Now, nowhere in the world are soft drinks included as an essential part of people's diet in the pesticide threshold calculation, simply because they do not have nutritional value and, therefore, are not part of the 'poison-nutrition' trade-off. So, if any pesticide residues are allowed in soft drinks, then the entire pesticide quota calculations have to be redone in a way that our total exposure still remains within the adi. In other words, some essential food item will have to be thrown out of our diet basket. We will have to substitute soft drinks with, say, milk or apples, fruit juices or cereals. Given that the pesticide exposure of Indians already exceeds the adi many times (see 'A refreshing guide to food safety', Down To Earth, December 31, 2003), we literally have no space in our food-poison trade-off for non-essential and non-nutritive intake.
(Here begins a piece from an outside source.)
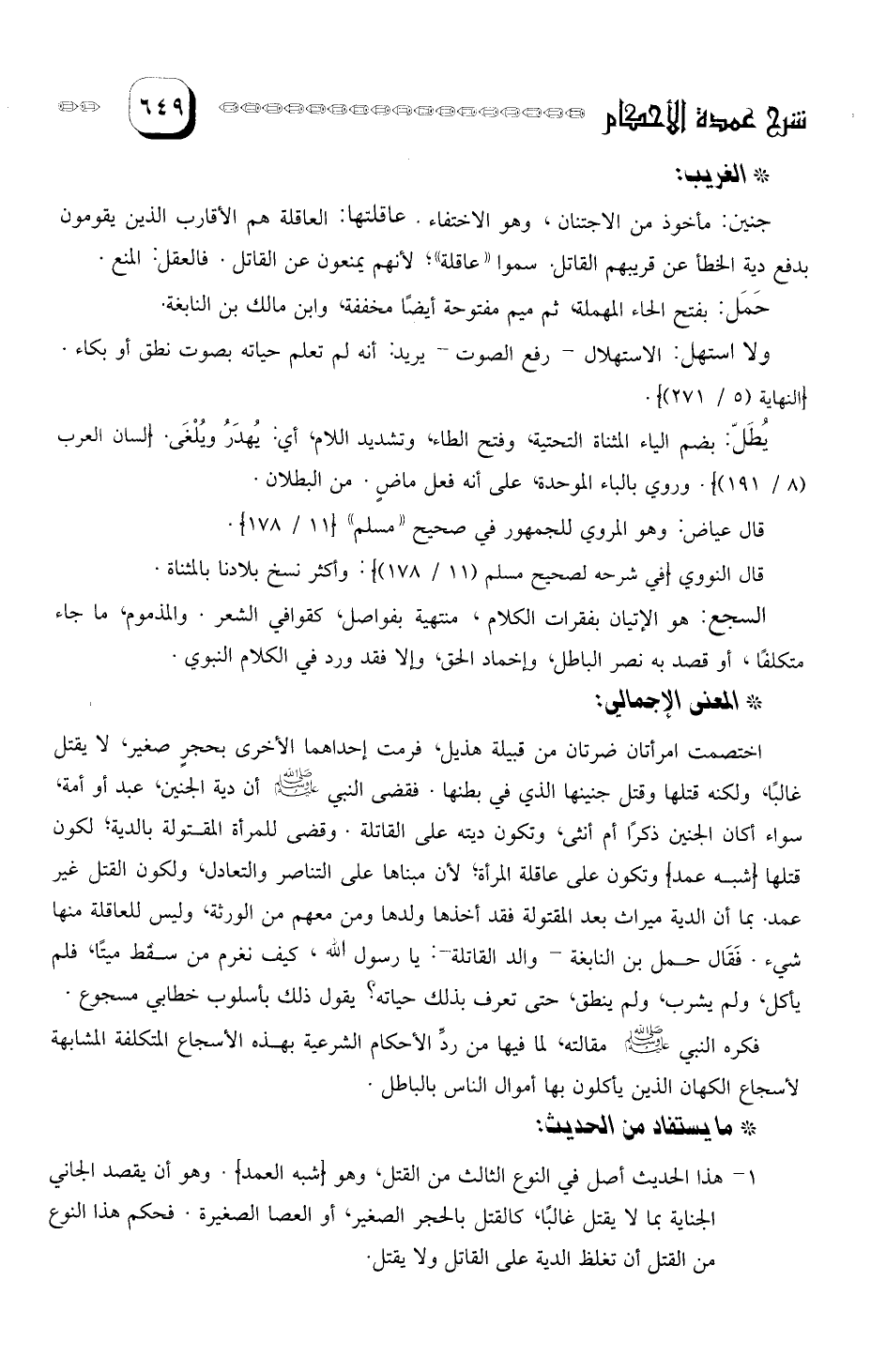 1- هذا الحديث أصل في النوع الثالث من القتل، وهو [شبه العمد] . وهو أن يقصد الجاني الجناية بما لا يقتل غالباً، كالقتل بالحجر الصغير، أو العصا الصغيرة.
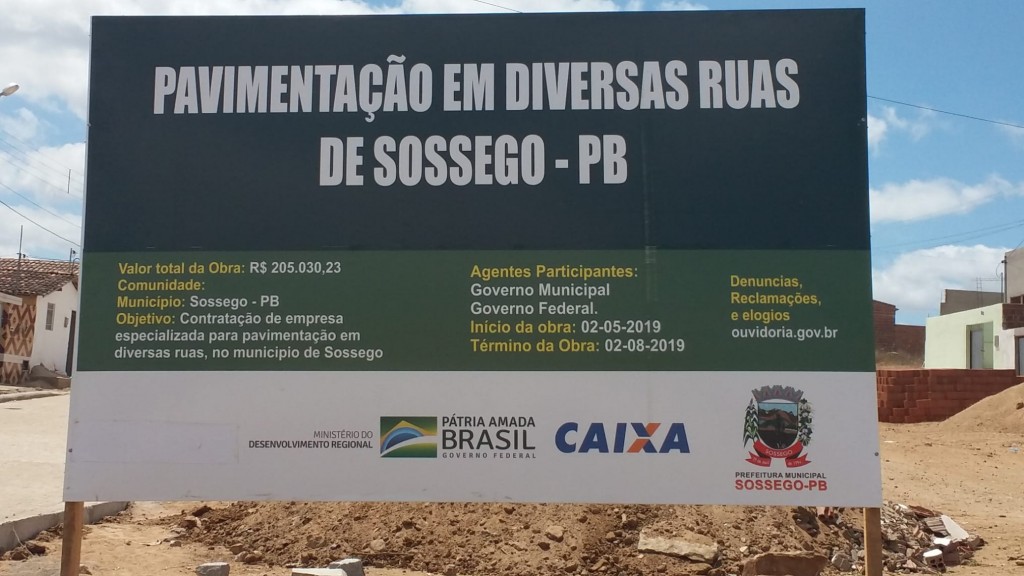 A prefeitura de Sossêgo, através da Secretaria de Administração, que tem como titular o Senhor Luís Gilmar Oliveira Lima está prestes concluir mais um trecho de pavimentação em paralelepípedos da Rua Horácio Ferreira, no Alto da Bela Vista e na próxima semana terá início às obras em outras ruas que também receberão calçamento. As vias que serão caladas são: Rua Joaquim Sabino Sobrinho; Rua Marcos Alberto de Oliveira, ambas também no Alto da Bela Vista e a Rua Antônio Ferreira de Macedo no entorno do centro, conhecida por Quadra São Jorge. Os recursos são frutos de parceria governo federal e município através de emedas parlamentar da ordem de R$ 205.030,23.

Therefore, while fruit juices, which have a nutritive value, can be assigned a pesticide quota, soft drinks cannot, because they have no nutritive value. Fruit juices or fruits are part of the nutrition-poison trade-off. They are fitted into our diets.
This is the argument trotted out by soft drink companies. The fact is that safety is about setting and adhering to standards for pesticide residue in food products. Therefore, any contaminant that exceeds the standard makes the product unsafe. But in the case of soft drinks, the final product standards for the quantity of pesticides allowed have not been notified. They have not been notified because companies are fighting these standards tooth and nail. But if the final (not notified) standards are considered, these products are unsafe because the pesticide residues exceed the safety limit many times.
The bottom line is that these are definitely unsafe. No government or Aamir Khan can give them a certificate of safety. Unless they are acting.